The German federal government is trying to at least cushion the economic consequences of the Corona pandemic in several ways. One of these is a regulation that is likely to be aimed primarily at retailers severely affected by forced closures, namely to force landlords to adjust rents according to the principle of the so-called “cessation of the implicit of the contractual basis” (“Wegfall der Geschäftsgrundlage“). The following article proves that a hectic rush does not automatically make for the best possible regulation.

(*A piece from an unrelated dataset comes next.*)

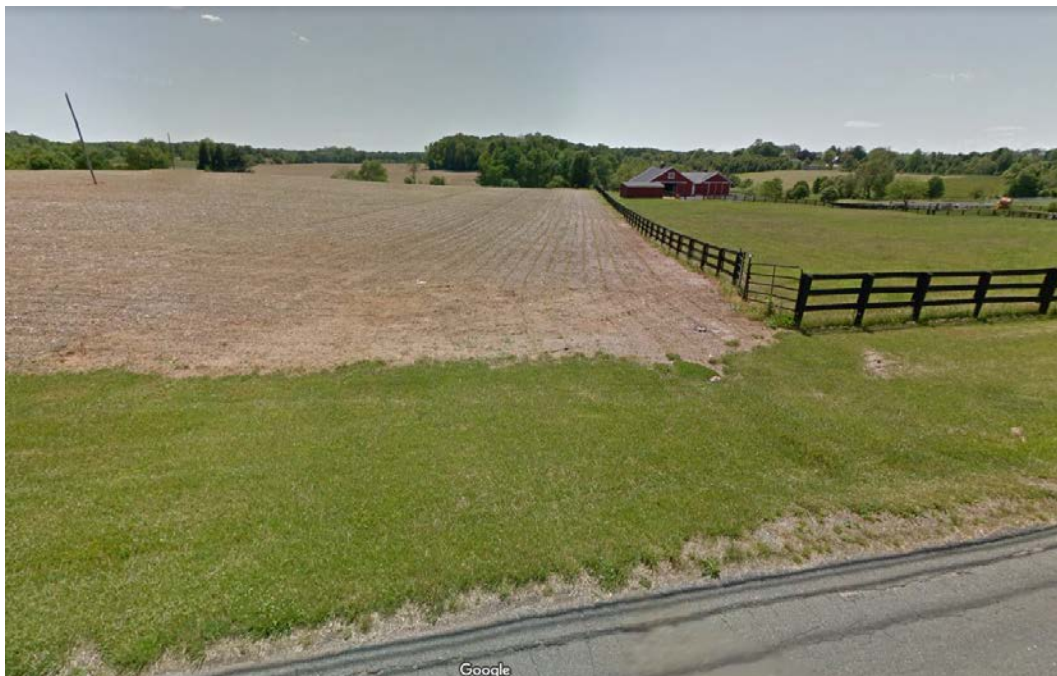
7. Access to cemetery along western property fence line

After the Grand Coalition had only recently rejected a legislative proposal by the party of the Greens on pandemic-related special regulations for commercial rents (cf. here and here, p. 24795, both in German), it decided at the so-called “State Minister Presidents’ Conference” on 13 December 2020 to introduce a legal presumption that significant restrictions in the actual ability to make use of the rented estate as a result of the Covid 19 pandemic can constitute a serious change in the implicit of the contractual basis in order to simplify negotiations between commercial tenants or lessees and owners (here, in German). No sooner said than done, the corresponding presumption provision introduced at the beginning of the year in Article 240 § 7 EGBGB (Introductory Code to the German Civil Code) now provides as follows:
“If, as a result of government measures to combat the COVID 19 pandemic, leased land or leased premises that are not residential premises cannot be used for the tenant’s business or can be used only with considerable restrictions, it shall be presumed that, in this respect, a circumstance within the meaning of § 313 BGB that has become the basis of the lease has changed seriously after the conclusion of the contract.”
However, the legislator has not only limited itself to an adjustment of the substantive legal situation, but with the introduction of § 44 EGZPO (Introductory Code to the German Code of Civil Procedure ) has also tried to accelerate the corresponding processes for the (judicial) adjustment of commercial leases.
Unfortunately, however, the efforts to accelerate proceedings are of little use, as the provision of Article 240 § 7 EGBGB already falls short. For, as a result of the provision, it is merely legally presumed that the pandemic has led to a substantial change in the contractual basis . However, the question of whether this renders fulfillment of the contract unreasonable within the meaning of § 313 BGB has not been answered.
This question has now been answered by the Higher Regional Court of Dresden in a decision from February 2021, according to which the tenant of a commercial property cannot reasonably be expected to maintain the previous rent in the event of the closure of his business premises due to a pandemic. Rather, a reduction of the basic rent by 50% is seen as justified because neither of the contracting parties had caused the disturbance of the basis of the business or had foreseen it. Accordingly, the court sees it as reasonable to distribute the associated burden equally between both parties. It is interesting that the court states obiter dicta, i.e. in passing, that the question of the extent to which the economic existence of the burdened contracting party is affected by the disruption of the basis of the contract is not relevant. However, the ruling also indicates that the payment of state aid to one of the contracting parties of the lease could possibly lead to a different assessment of the apportionment.
Conclusion: So far so good. With these new laws and the emerging corresponding supreme court rulings, commercial tenants can at least bring about a certain reduction in their operating costs. The question is, however, whether a reduction to 50% in the face of a 100% drop in turnover is sufficient to ensure the survival of the (probably primarily considered) retailers.
Furthermore, a number of real estate companies that have financed their properties through loans are also likely to run into difficulties as a result of the emerging case law. Since the provision of Art. 240 § 3 EGBGB does not apply to commercial borrowers, bank terminations of loans in case of default are possible.
All in all, the new regulation is likely to merely pass the problem on from the commercial tenants to the financing banks – without one of the groups actually being freed from the corona-related burdens. In other words, the problem is just being shifted, but not solved. This could hold political explosives.